In random flaps, autophagy is needed to generate energy to supply cell survival due to the lack of vascular pedicle and tissue blood supply. Therefore, the activation of autophagy can effectively promote the survival of flaps. We first detected autophagy-related proteins, namely, Beclin-1, VPS34, LC3, and P62 using Western blotting. We found that the autophagy activation indexes, namely, Beclin-1, VPS34, and LC3 in the NT group were significantly higher than those in the control group. Beclin-1 in the NT+3 MA group was significantly higher than that in the control group after autophagy inhibitor 3MA. The expression levels of VPS34 and LC3 were significantly downregulated (Figures 7A–D). P62 as a substrate for autophagy decreased significantly in the NT group than in the control group. The level of P62 in the NT+3MA group was significantly higher than that in the NT group (Figures 7A,E). Then, we further verified the expression of LC3B and P62 in each group by immunofluorescence. Our results showed that LC3B in the NT group was significantly higher than that in the control group, and the LC3B level in the NT+3MA group was significantly lower than that in the NT group. The results of P62 are exactly the opposite of those of LC3B (Figures 7F–H). In summary, NT promotes the survival of random flaps through the Beclin-1/VPS34/LC3 pathway.

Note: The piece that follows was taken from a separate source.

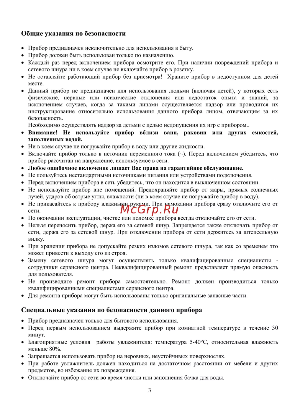 Общие указания по безопасности Прибор предназначен исключительно для использования в быту Прибор должен быть использован только по назначению Каждый раз перед включением прибора осмотрите его При наличии повреждений прибора и сетевого шнура ни в коем случае не включайте прибор в розетку Не оставляйте работающий прибор без присмотра Храните прибор в недоступном для детей месте Данный прибор не предназначен для использования людьми включая детей у которых есть физические нервные или психические отклонения или недостаток опыта и знаний за исключением случаев когда за такими лицами осуществляется надзор или проводится их инструктирование относительно использования данного прибора лицом отвечающим за их безопасность Необходимо осуществлять надзор за детьми с целью недопущения их игр с прибором Внимание Не используйте прибор вблизи ванн раковин или других емкостей заполненных водой Ни в коем случае не погружайте прибор в воду или другие жидкости Включайте прибор только в источник переменного тока Перед включением убедитесь что прибор рассчитан на напряжение используемое в сети Любое ошибочное включение лишает Вас права на гарантийное обслуживание Не пользуйтесь нестандартными источниками питания или устройствами подключения Перед включением прибора в сеть убедитесь что он находится в выключенном состоянии Не используйте прибор вне помещений Предохраняйте прибор от жары прямых солнечных лучей ударов об острые углы влажности ни в коем случае не погружайте прибор в воду Не прикасайтесь к прибору влажными руками При намокании прибора сразу отключите его от сети По окончании эксплуатации чистке или поломке прибора всегда отключайте его от сети Нельзя переносить прибор держа его за сетевой шнур Запрещается также отключать прибор от сети держа его за сетевой шнур При отключении прибора от сети держитесь за штепсельную вилку При хранении прибора не допускайте резких изломов сетевого шнура так как со временем это может привести к выходу его из строя Замену сетевого шнура могут осуществлять только квалифицированные специалисты сотрудники сервисного центра Неквалифицированный ремонт представляет прямую опасность для пользователя Не производите ремонт прибора самостоятельно Ремонт должен производиться только квалифицированными специалистами сервисного центра Для ремонта прибора могут быть использованы только оригинальные запасные части Специальные указания по безопасности данного прибора Прибор предназначен только для бытового использования Перед первым использованием выдержите прибор при комнатной температуре в течение 30 минут Благоприятные условия работы увлажнителя температура 5 40 С относительная влажность меньше 80 Запрещается использовать прибор на неровных неустойчивых поверхностях При работе увлажнитель должен находиться на достаточном расстоянии от мебели и других предметов во избежание их повреждения Отключайте прибор от сети во время чистки или заполнения бачка для воды 3

To verify the autophagy pathway of NT action, the VPS34 inhibitor: VPS34 IN was first used to inhibit the expression of VPS34 at the cellular level. Western blotting results showed that the expression of VPS34 activated by NT was downregulated after VPS34 IN, LC3 expression was also downregulated, and P62 expression was increased. The expression levels of CD34, an indicator of angiogenesis, and eNOS and SOD1, an indicator of oxidative stress protection, were down-regulated after using VPS34 IN (Figures 8A–F). CCK-8 results showed that VSP34 IN significantly inhibited the protective effect of NT on UVECs (Figure 8G). Next, we used immunofluorescence to detect the expression of autophagy, angiogenesis, and oxidative stress protectants in tissues. Our results showed that VPS34 IN inhibited autophagy, reduced angiogenesis, and downregulated the expression of oxidative stress–protective substances (Figures 9A–I). The cell scratch assay showed that VPS34 IN could significantly inhibit the migration activity of UVECs (Figures 9J,K). In conclusion, NT activates autophagy in random flaps through the Beclin-1/VPS34/LC3 pathway, promoting the survival of flaps.